#Piratenpartei: Dem Wahnsinn entronnen

Von Julia Schramm

In den Tagen nach der Wahl haben sich die Ereignisse bei den Piraten überschlagen. Nach der Wahlniederlage wurde bekannt, dass Claus Gerwald Brunner – Faxe – sich das Leben genommen hat. Schnell wurde eine Rede von ihm im Plenum öffentlich, wo er auf einen baldigen Tod anspielte. Diese Nachricht schockte mich und machte mich traurig. Faxe und ich waren nie Freunde, im Gegenteil, er beschimpfte mich gerne und regelmäßig, ich gehörte für ihn zum korrupten, unehrlichen Flügel, dem es nur um das eigene Wohl gehe. Ich habe die Partei irgendwann verlassen und sah Faxe seitdem auch nicht mehr. Trotzdem betrübte mich sein Tod und ich vergoß eine Träne. 
Die Reaktionen der verbliebenen Mitglieder der Piratenpartei betrübten mich ebenso – wie eh und je übertrafen sie sich in Schuldzuweisungen und Bösartigkeiten, in Verschwörungstheorien und genereller Hyperaktivität. 
Als dann herauskam, dass es neben dem Suizid noch ein Verbrechen gegeben hat, dass Faxe („wahrscheinlich“) einen Menschen ermordet hat (die schaurigen Details entnehmt ihr bitte der Boulevardpresse) wurde mir klar, was die Piratenpartei und die damit verbundenen Dynamiken in den Sozialen Medien eigentlich für eine vollkommen irre Dimension haben und hatten. Mir wurde klar, dass dieser Wahnsinn, der sich Partei nannte, der aber vielleicht auch nur ein Phänomen des Zeitgeistes war, Menschenleben zerstörte und zerstört. Dass das alles kein Spiel ist, nie war und dass, im Namen politischer Differenzen, menschliche Tragödien nicht nur hingenommen wurden, sondern pathologisches Verhalten glorifiziert wurde, ignoriert, hingenommen wurde, dass zu Gunsten einer Harmonie und Parteiräson, die sowieso niemals real war, Menschen geschützt wurden, die schwer entrückt waren, die Hilfe gebraucht hätten, denen Hilfe angeboten wurde, die sie aber verweigerten, bis sie einem anderen Menschen das Leben nahmen. 
Die Piratenpartei war eine krasse, eine lehrreiche Zeit, eine Zeit, die Menschen eine Plattform gegeben hat, die sonst vielleicht nie eine bekommen hätten.
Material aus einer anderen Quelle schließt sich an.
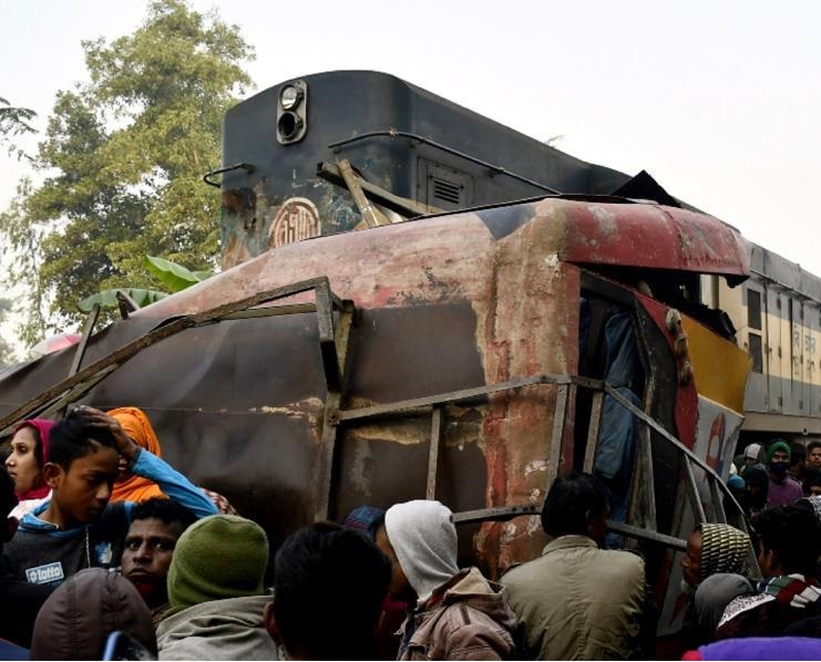 12月19日,人們聚集在孟加拉國西北部焦伊布爾哈德地區(qū)的火車與客車相撞事故現(xiàn)場。
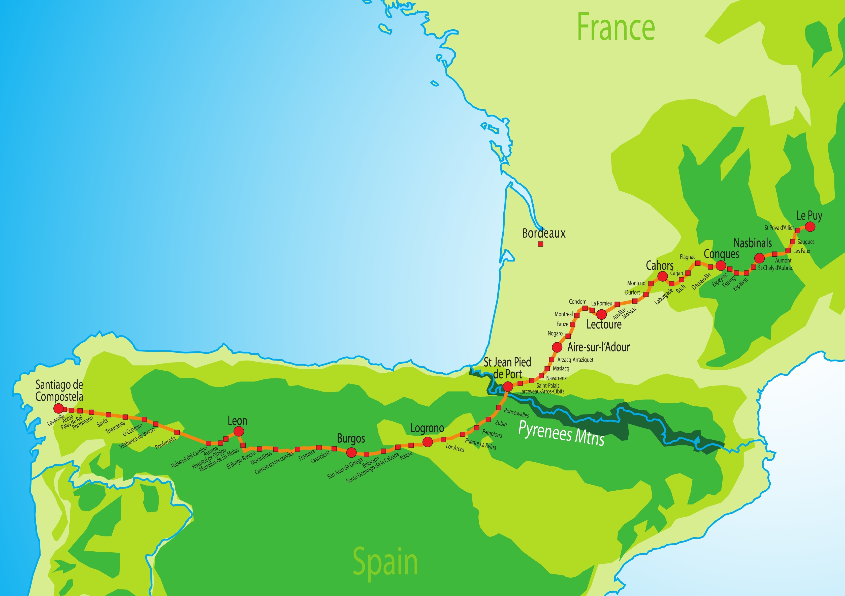 One of the major pilgrimage routes in France was from Le Puy crossing the Pyrenees at the Roncesvalles Pass, joining other trails at Puente la Reina in Navarra (near Pamplona) to form a single path across northern Spain to the shrine at Santiago de Compostela. The fascinating Spanish part of El Camino de Santiago runs some 800km from the Roncesvalles pass through Puente la Reina, La Rioja, Burgos, Leon and finally crossing Galicia to Santiago.
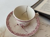 カップの一部に亀裂がありましたが、真鍮粉の金継ぎにてお直し済みです。
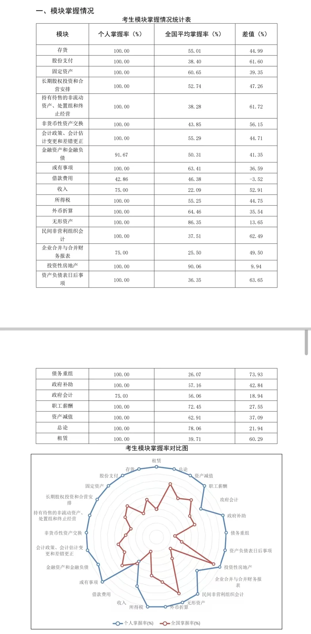 在2025年中级会计考试知识模块掌握情况分析报告分为三个部分:模块掌握情况、模块百分等级、术语表,针对每个考生的考试情况生成的专属报告。
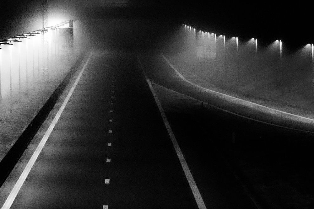Dieses Bild zeigt eine Autobahn bei Nacht mit ausgeprägter Beleuchtung auf dem Mittelstreifen und der Auffahrt. Der Aussichtspunkt liegt inmitten des Donners und Nebels. Der Nebel hat in der Höhe der Lichter einen stimmungsvollen Charakter. Monochromes Arbeiten (Schwarz/Weiß)
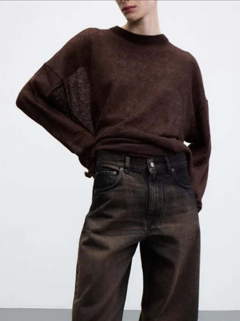 The Blair Sweater in Brown by Haikure is a crew neck sweater featuring ribbed trims and an open back crafted in a soft knit.
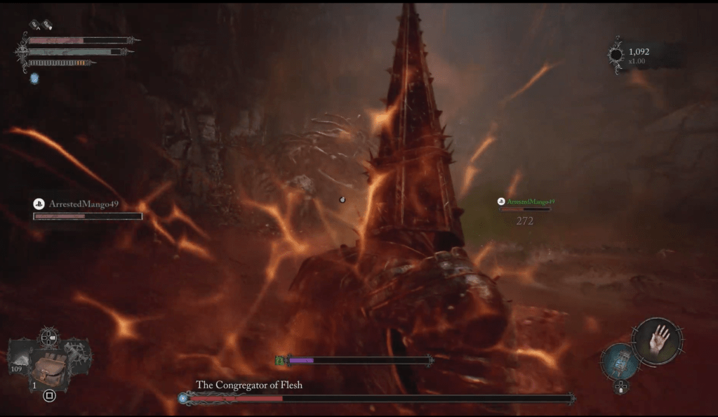 The only boss for whom having a cooperator doesn’t make a total joke would be the tutorial’s Pieta and the aforementioned Judge Cleric. The very next boss after Pieta, and many to follow, were clearly designed with solo players in mind. As well, areas are very enemy dense- these enemies aren’t necessarily challenging, but moreso irritating to fight solo. Bringing a friend along makes the trek from boss to boss a complete joke.
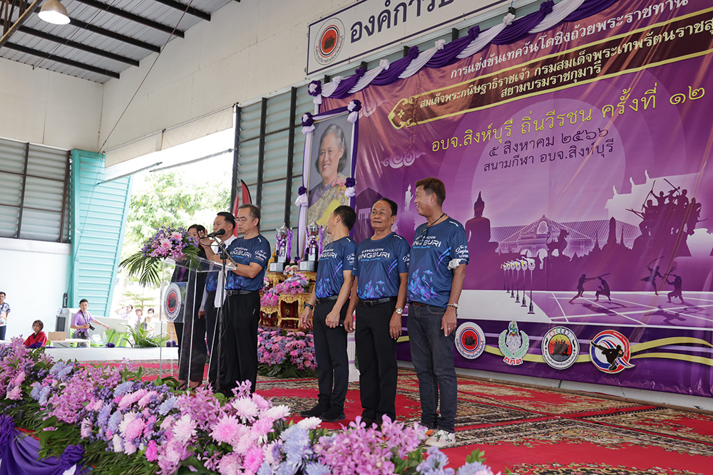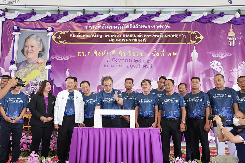 วันเสาร์ที่ ๕ สิงหาคม ๒๕๖๖ เวลา ๐๘.๓๐ น. นายสุพจน์ ยศสิงห์คำ ผู้ว่าราชการจังหวัดสิงห์บุรี เป็นประธานในพิธีเปิดโครงการแข่งขันกีฬาเทควันโดชิงถ้วยพระราชทาน กรมสมเด็จพระเทพรัตนราชสุดาฯ สยามบรมราชกุมารี องค์การบริหารส่วนจังหวัดสิงห์บุรี ถิ่นวีรชน แชมป์เปี้ยนชิพ ครั้งที่ ๑๒ ประจำปี ๒๕๖๖ ณ อาคารเอนกประสงค์ สนามกีฬาองค์การบริหารส่วนจังหวัดสิงห์บุรี โดยมี นายสัมฤทธิ์ กองเงิน รองผู้ว่าราชการจังหวัดสิงห์บุรี นายศุภวัฒน์ เทียนถาวร นายกองค์การบริหารส่วนจังหวัดสิงห์บุรี เป็นผู้อัญเชิญถ้วยพระราชทาน ฯ พร้อมด้วย ผู้อำนวยการสำนักงานการกีฬาแห่งประเทศไทยสิงห์บุรี นายกสมาคมกีฬาแห่งจังหวัดสิงห์บุรี หัวหน้าส่วนราชการ สมาชิกสภาองค์การบริหารส่วนจังหวัดสิงห์บุรี นักกีฬา ผู้ฝึกสอนและเข้าร่วมพิธีเปิดการแข่งขันเทควันโดชิงถ้วยพระราชทาน 2 ประเภท ประกอบด้วย ประเภทท่ารำและประเภทต่อสู้
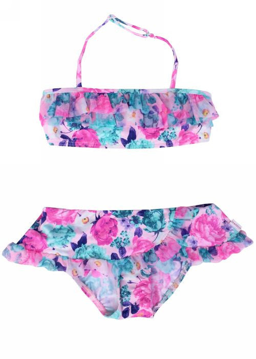 Simply gorgeous from Seafolly Little Girls Cotage Garden collection - the cutest new girl’s bikini – in a cute Pink Garden rose print - with a mesh frill
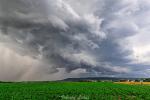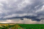 Ale to ještě nekončím.. Na Kladensku postupovala na Prahu velmi silná přeháňka, později se v tom objevily i blesky. Tudíž opět přesun na jih, nejdřív byla v plánu právě Lysá n/L, ale buňka spíše více postupovala k východu s lehkým stáčením na jih, takže jsem se přesunul až k Českému Brodu, kde jsem dorazil na polní cestu za pět vteřin dvanáct. Buňka vizuálně hodně přípomínala supercelu, zejména hodně zatočená struktura.(I na doppleru za Prahou měla rotaci až někam na východ Čech) Nakonec jsem stihl nafotit pár snímků než samotná silná bouřka přišla. Na jejím čele zejména silný nárazovitý vítr a kroupy o velikosti zhruba 1cm.
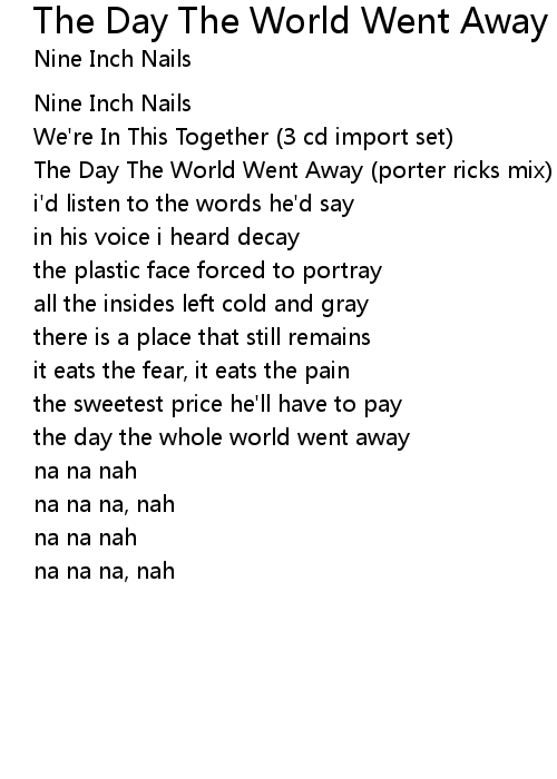 | The Day The World Went Away (porter ricks mix) | |
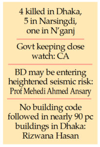 A fire erupted in a Baridhara residence soon after the quake. While its cause remains unclear, two fire service units doused the blaze quickly. Another fire was reported in Munshiganj’s Gazaria upazila.
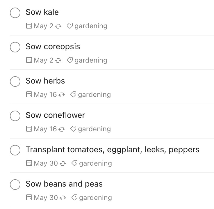 🍅 Gardening season is getting in full swing! I have some seeds starting inside now: tomatoes, eggplant, leeks, and peppers. As these weeks pass by, more delicious things will get sown and transplanted. The screenshot below is from my Todoist, by the way. I had a nice talk with a colleague this week who’d been using Apple Notes as a way to keep track of tasks. They were intrigued by what Todoist offers for free users.
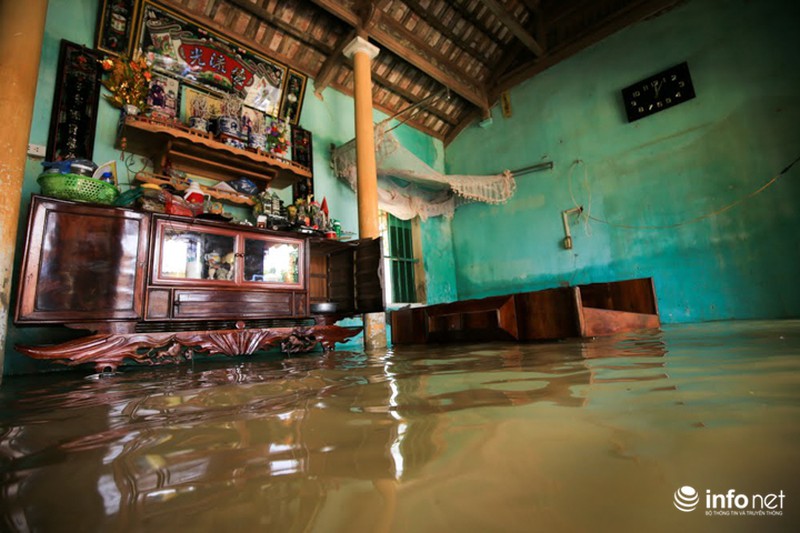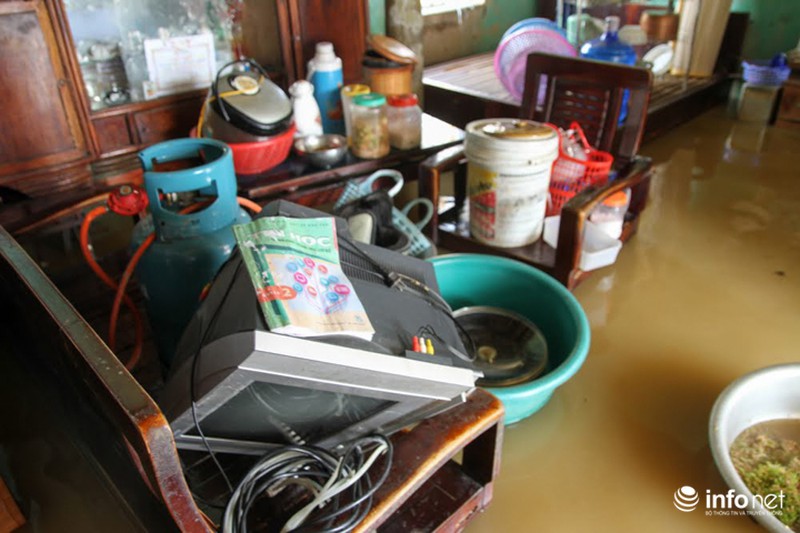 Còn ở trong nhà, các vật dụng, đồ đạc sinh hoạt trong gia đình như tivi, tủ lạnh, thóc đều bị ngập ướt. |

Sie war so groß wie die Abgründe tief waren. Wir können dankbar dafür sein, wenn wir lebend und gesund aus diesem Wahnsinn rausgekommen sind.
RIP

Eine Antwort zu “#Piratenpartei: Dem Wahnsinn entronnen

  1. Du warst sehr weit oben

    Die Piratenpartei war die Weiterentwicklung von Politik. Das was du jetzt siehst ist der Schutthaufen, geschaffen von den jenigen denen eine andere Art Politik zu machen ein Dorn im Auge ist. Es geht mir dabei nicht darum wer daran Schuld trägt oder nicht. Ich habe auch keine Rachegelüste.
    Das es gemacht wird ist ein Armutszeugnis für die gesamte Menschheit.
    Ich frage mich bei dir immer ob du wissentlich oder unwissentlich instrumentalisiert wurdest. Ich habe mirbekommen wie ich und meine Existenz benutzt werden sollte. Ich wurde in hohe Ämter gelobt, bis irgendwann klar wurde, das ich nicht einfach unreflektiert Befehle ausführe, dann hat man versucht mich in die Schizophrenie zu quatschen und mich zu brechen. Bisher ohne Erfolg.
    Eines Tages wird es dir vielleicht klar werden was ich dir hier versuche zu sagen. Ich hoffe es ist bis dahin noch nicht zu spät Politik auf eine andere Art zu betreiben.
    Aus Schutz vor Rufmord, anonyme Grüsse.